Evaluating $\int_{0}^{\frac{\pi}{2}}\frac{\sqrt{\sin x}}{\sqrt{\sin x}+\sqrt{\cos x}}\, \mathrm{d}x$
Let $I$ denote the integral and consider the substitution $u= \frac{\pi }{2} - x.$ Then $I = \displaystyle\int_0^{\frac{\pi }{2}} \frac{\sqrt{\cos u}}{\sqrt{\cos u } + \sqrt{\sin u }} du$ and $2I = \displaystyle\int_0^{\frac{\pi }{2}} \frac{\sqrt{\cos u} + \sqrt{\sin u }}{\sqrt{\cos u } + \sqrt{\sin u }} du = \frac{\pi }{2}.$ Hence $I = \frac{\pi }{4}.$
In general, $ \displaystyle\int_0^a f(x) dx = \displaystyle\int_0^a f(a-x) $ $dx$ whenever $f$ is integrable, and $\displaystyle\int_0^{\frac{\pi }{2}} \frac{\cos^a x}{\cos^a x + \sin^a x } dx = \displaystyle\int_0^{\frac{\pi }{2}} \frac{\sin^a x}{\cos^a x + \sin^a x } dx = \frac{\pi }{4}$ for $a>0$ (same trick.)
Note that $\sin(\pi/2-x)=\cos x$ and $\cos(\pi/2-x)=\sin x$. The answer will exploit the symmetry.

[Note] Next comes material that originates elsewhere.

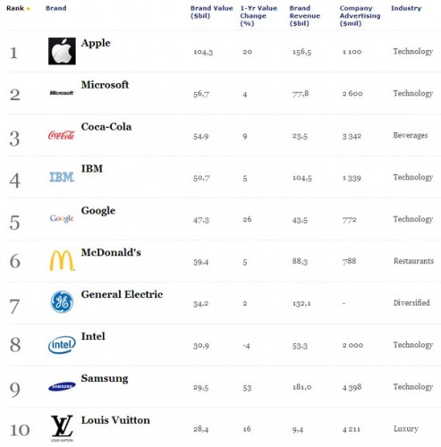 根據福布斯的估計,Apple 的品牌價值達到 104.3 億美元,比起去年同期上升了 20%,它的品牌價值差不多是其他品牌的一倍。9 月排行榜佔第 2 位的 Google 被 Microsoft 所取代,甚至比 IBM 還要低。10 大排名中,電子科技公司佔了 7 間,當中排名第 9 位的 Samsung,雖然是 10 大中排名最低的科技公司,但它的品牌價值卻是排行榜 100 個品牌中上升幅度最大的,上升了 53%,現在估計約值 29.5 億美元。
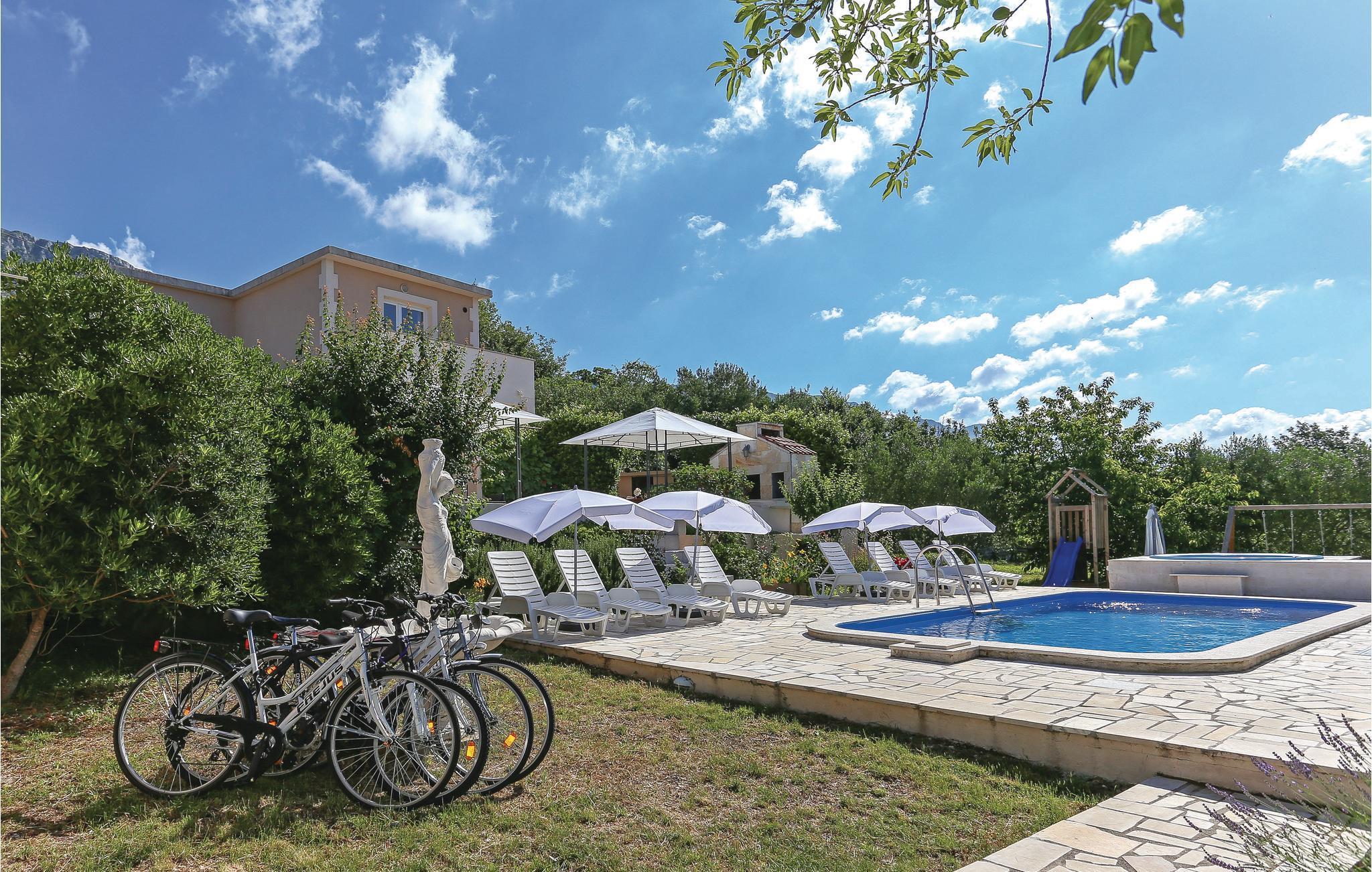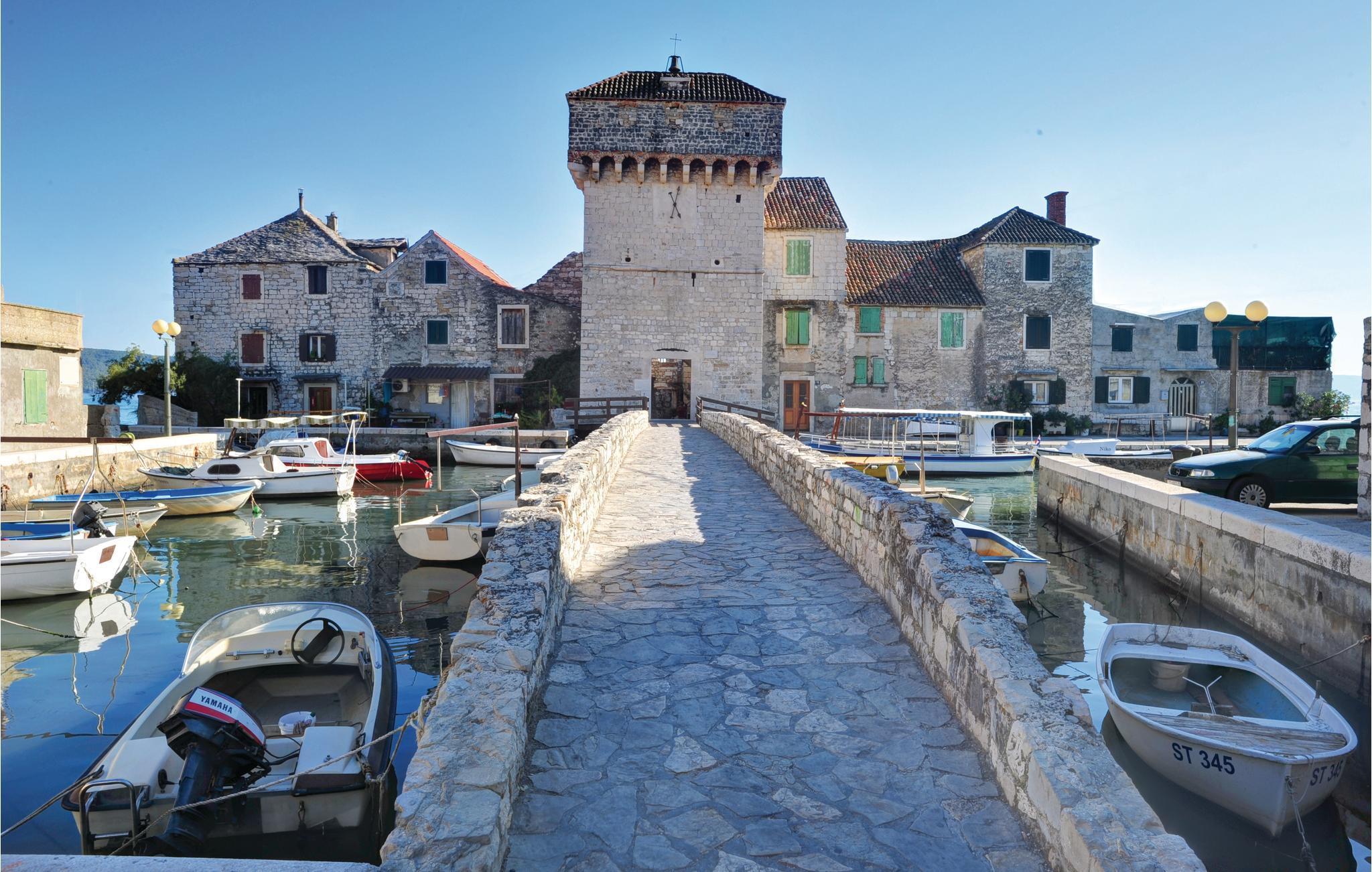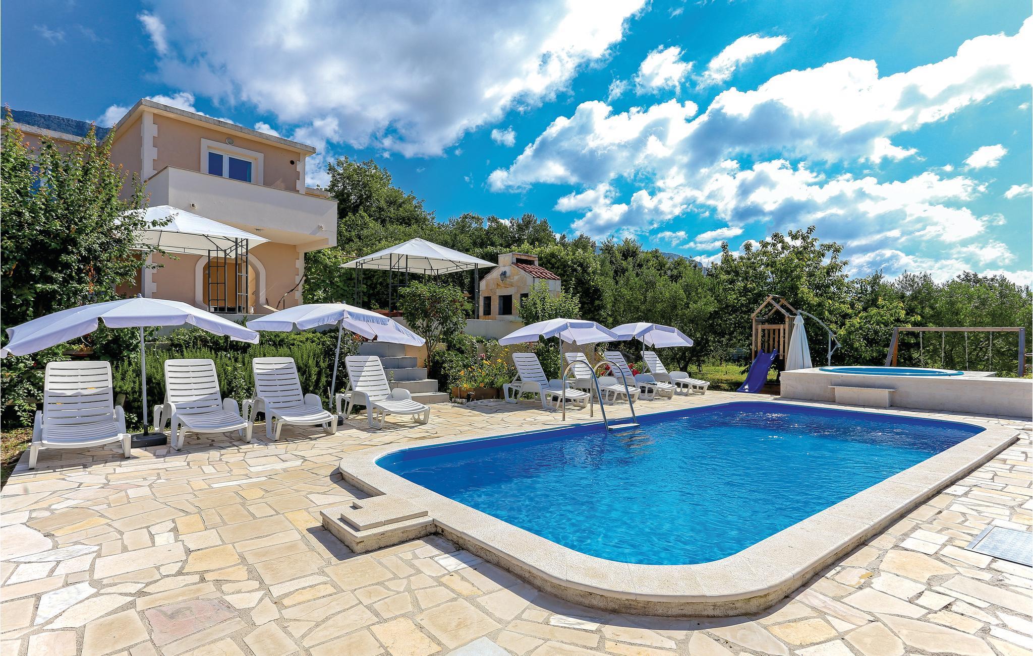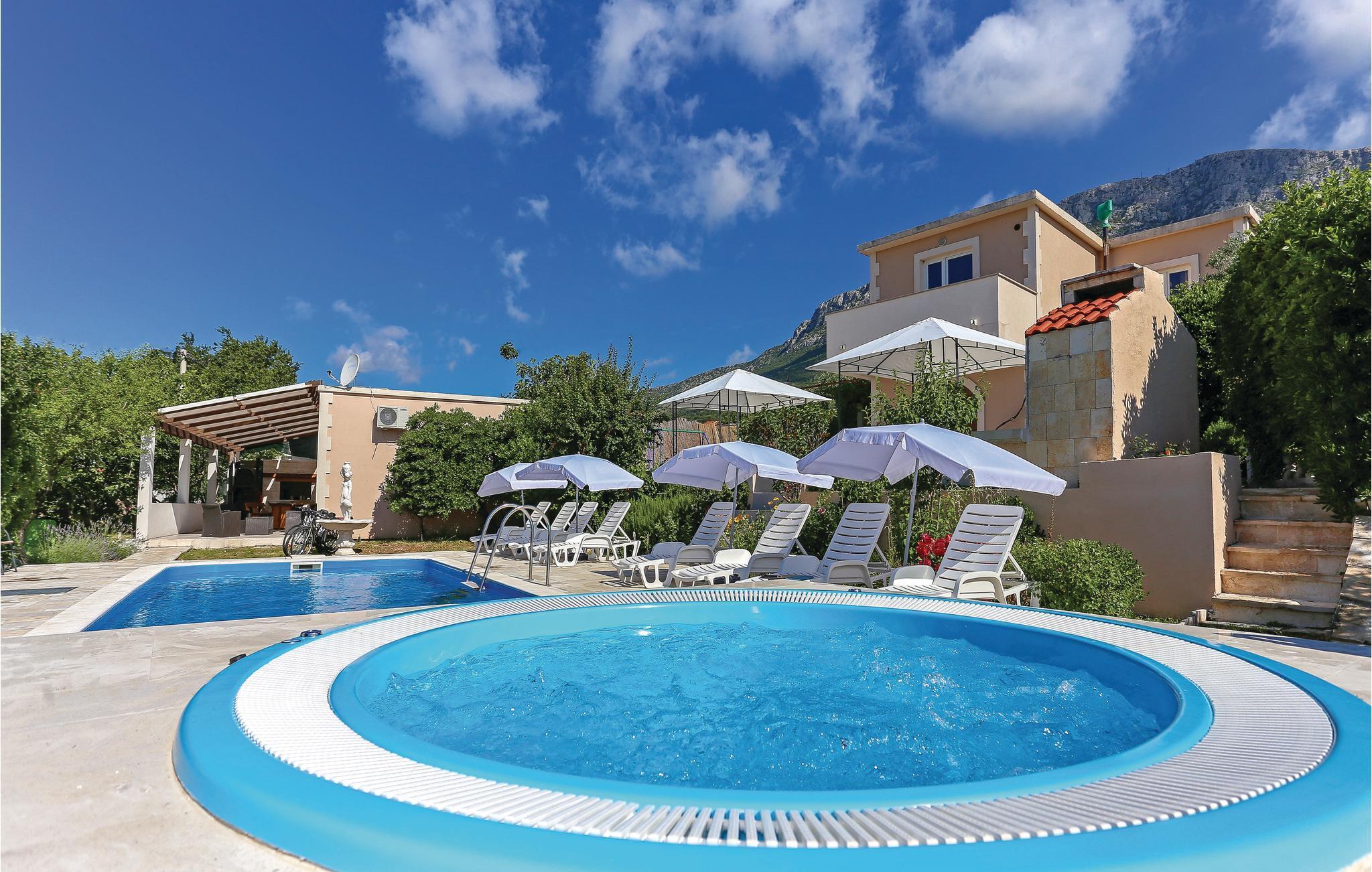 Unterkunft an 5000 m² Grundstück, einst eine römische Villa, mit Pool und Whirlpool von Obstbäumen eingerahmt. Hier werden Sie entspannen und Ihre Privatsphäre haben. Es besteht aus zwei Einheiten die durch eine Außentreppe miteinander verbunden sind. In beiden Einheiten liegen je zwei Schlafzimmer, Wohnzimmer, Küche und Badezimmer. Fernab vom Stadtgetümmel werden Sie den herrlichen Ausblick auf die Bucht von Kastel sicherlich genießen. Für aktive Urlauber stehen ein Minifußballfeld, Badminton, Billard sowie für Kinder Rutsche und Schaukel zur Verfügung. Auf der großen Poolterrasse mit Whirlpool werden Sie sich herrlich erfrischen und daneben am Grill leckere Gerichte zubereiten. Auf dem Grundstück befindet sich eine Taverne mit Kamin, in der Sie verschiedene Gerichte zubereiten können.

Break up the original integral into two parts, (i) from $0$ to $\pi/4$ and (ii) from $\pi/4$ to $\pi/2$. So our first integral is $$\int_{x=0}^{\pi/4} \frac{\sqrt{\sin x}}{\sqrt{\sin x}+\sqrt{\cos x}}\,dx.\tag{$1$} $$
For the second integral, make the change of variable $u=\pi/2-x$. Using the fact that $\sin x=\sin(\pi/2-u)=\cos u$ and $\cos x=\cos(\pi/2-u)=\sin u$, and the fact that $dx=-du$, we get after not much work $$\int_{u=\pi/4}^{0} -\frac{\sqrt{\cos u}}{\sqrt{\cos u}+\sqrt{\sin u}}\,du$$ Change the dummy variable of integration variable to the name $x$. Also, do the integration in the "right" order, $0$ to $\pi/4$. That changes the sign, so our second integral is equal to $$\int_{x=0}^{\pi/4} \frac{\sqrt{\cos x}}{\sqrt{\cos x}+\sqrt{\sin x}}\,dx.\tag{$2$}$$ Our original integral is the sum of the integrals $(1)$ and $(2)$. Add, and note the beautiful cancellation $\frac{\sqrt{\sin x}}{\sqrt{\sin x}+\sqrt{\cos x}}+ \frac{\sqrt{\cos x}}{\sqrt{\cos x}+\sqrt{\sin x}}=1$. Thus our original integral is equal to $$\int_0^{\pi/4}1\,dx.$$ This is trivial to compute: the answer is $\pi/4$.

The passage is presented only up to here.